At one point we tried to get EU Greens interested, by pointing out that the Canadian Green party had exposed a legal opinion expressed in a letter ( http://www.greenparty.ca/sites/greenparty.ca/files/attachments/peter_hogg_fatca.pdf ) by a leading Canadian constitutional scholar/lawyer to our Canadian government that the FATCA IGA was likely illegal and unconstitutional:
We were unable to get EU Greens interested enough, but perhaps being an EU citizen you might have more success in Germany.
An origanisation working against FATCA and Citizenship Based Taxation is American Citzens Abroad, http://www.AmericansAbroad.org. You can find further information on Dual Citizenship on the Legal Guide to Germany, http://www.lg2g.info. I do not know of any further resources in Germany. Maybe we should get crowdfiunding to finance your lawyer — if you seriously beleive that he could win the case.

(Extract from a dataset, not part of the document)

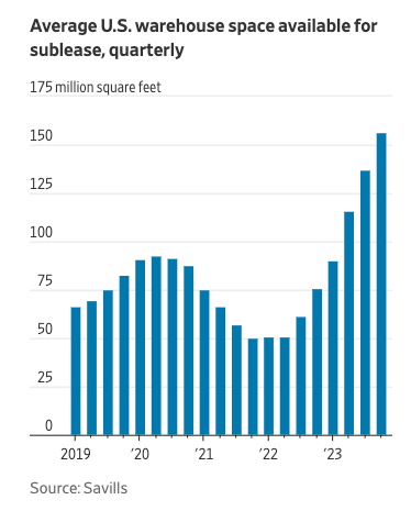 In Q3/2023, vacant warehouse space reached a record high with over 156 million square feet – three times the available space in Q4/2021.
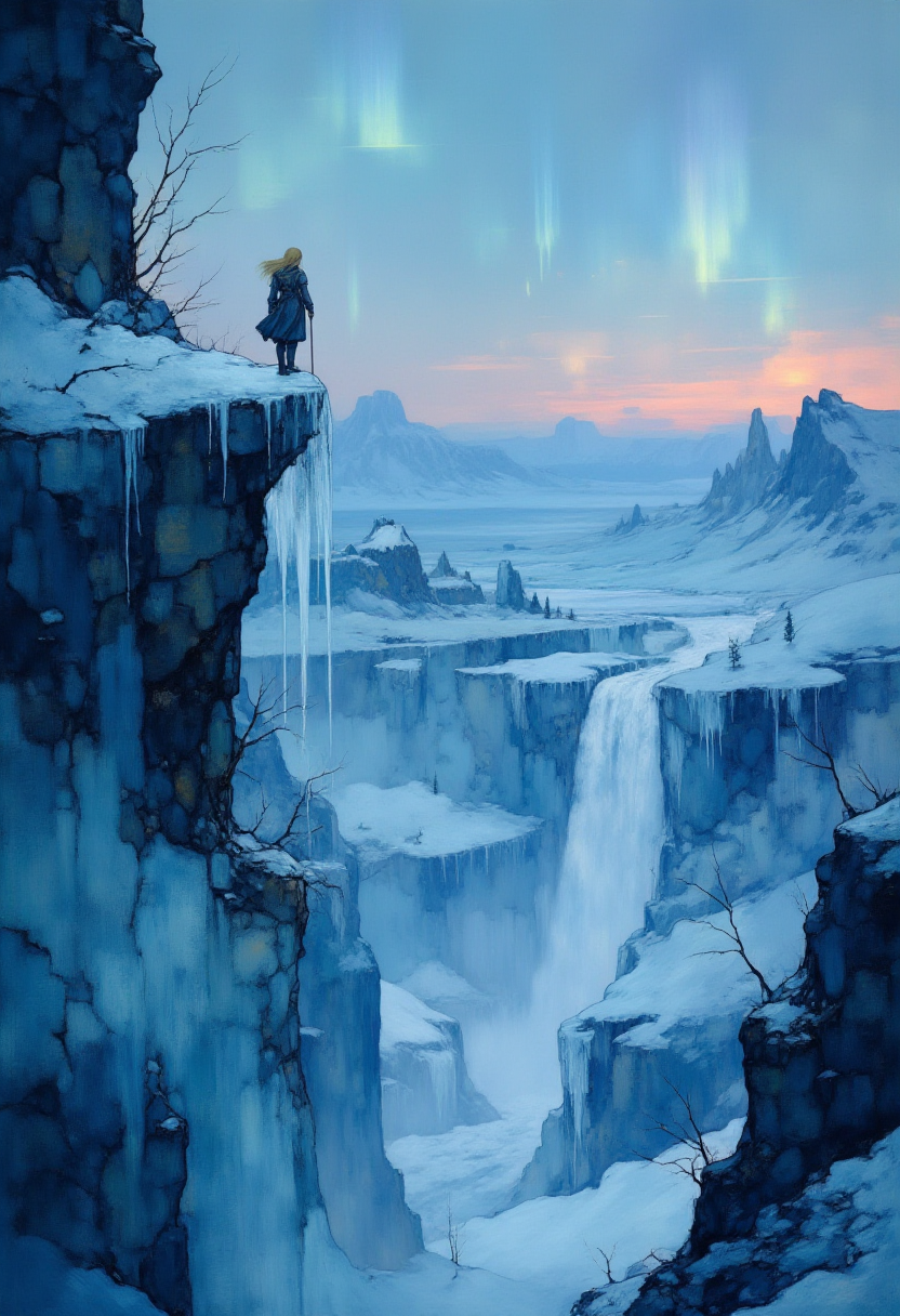 In the twilight hours of a frozen Nordic landscape, a solitary Valkyrie stands atop a towering ice cliff overlooking vast stretches of untamed wilderness below. Her long blonde braids blow gently in the crisp wind, while shimmering armor reflects the faint light of a setting aurora borealis overhead. The waterfall beneath her cracks and groans as frozen torrents melt into translucent icicles, forming an intricate web across jagged rock formations. With fluidity reminiscent of an impressionist painting, capture the haunting beauty of this frosty scene with its moody atmosphere and surrealist elements. Emphasize the contrast between stark whites and delicate blues, highlighting the ethereal glow that surrounds this fearless guardian of Nordic mythology. ,<lora:flux/fav/Digital painting V1.safetensors:1.0:1.0>

Unfortunately the EU greens absolutely love FATCA and anything similar to it, i.e. the OECD reporting scheme. EU citizens cannot expect support from them at all. Sven Giegold, for example, has made that very clear.
“…..Maybe we should get crowdfunding to finance your lawyer…..” Never done this, no know-how how to do this. Most likely I’ll get to hear an : “Ami go home” if I step into the public with my issue. So… I’m alone.
I’ve expected this. German Greens are in economical terms more or less comunistst. (sometimes even worse) They love total control over anybody and everything.
@ Both: thx for responding
ACA is one of many organizations that support a Same Country Exemption for FATCA, which by the FATCA Task Force’s own admission may not even be effective and seeks to undermine the only guaranteed route to ending the onslaught – that is FATCA’s full repeal. Organizations like ACA are willing to take the risk that in the end, we could very well be left with nothing.
Charging $2,350 for relinquishment may allow low and moderate income American citizens who are obtaining German citizenship through naturalization to retain their US citizenship under the hardship provision of German law. Previously, no-charge relinquishment of US citizenship was an out for the German bureaucracy to avoid that the naturalization applicant could claim hardship.
Allowing Americans to retain their US citizenship while naturalizing in Germany may encourage some Americans there to obtain German citizenship and then take “a wait and see” approach to giving up US citzenship. This could have an appeal to some Americans in Germany.
As mentioned above in this thread, Norway, Austria and the Netherlands also have hardship provisions for those naturalizing in those countries which could be invoked for some low and moderate income Americans in those countries.
Here is a link to a recent (January 2017) post confirming that the main statement at the top of this page is true, and statements contradicting it are essentially false.
@R. Meidner: Thank you for your valuable post and update!
Currently in the procedure of attaining German citizenship, I can confirm the post to be true. My case worker expressed her regret that my salary was slightly above the threshhold for claiming hardship. Even if marrried, only the salary of the applicant is counted but you should not be on Harz IV (social support).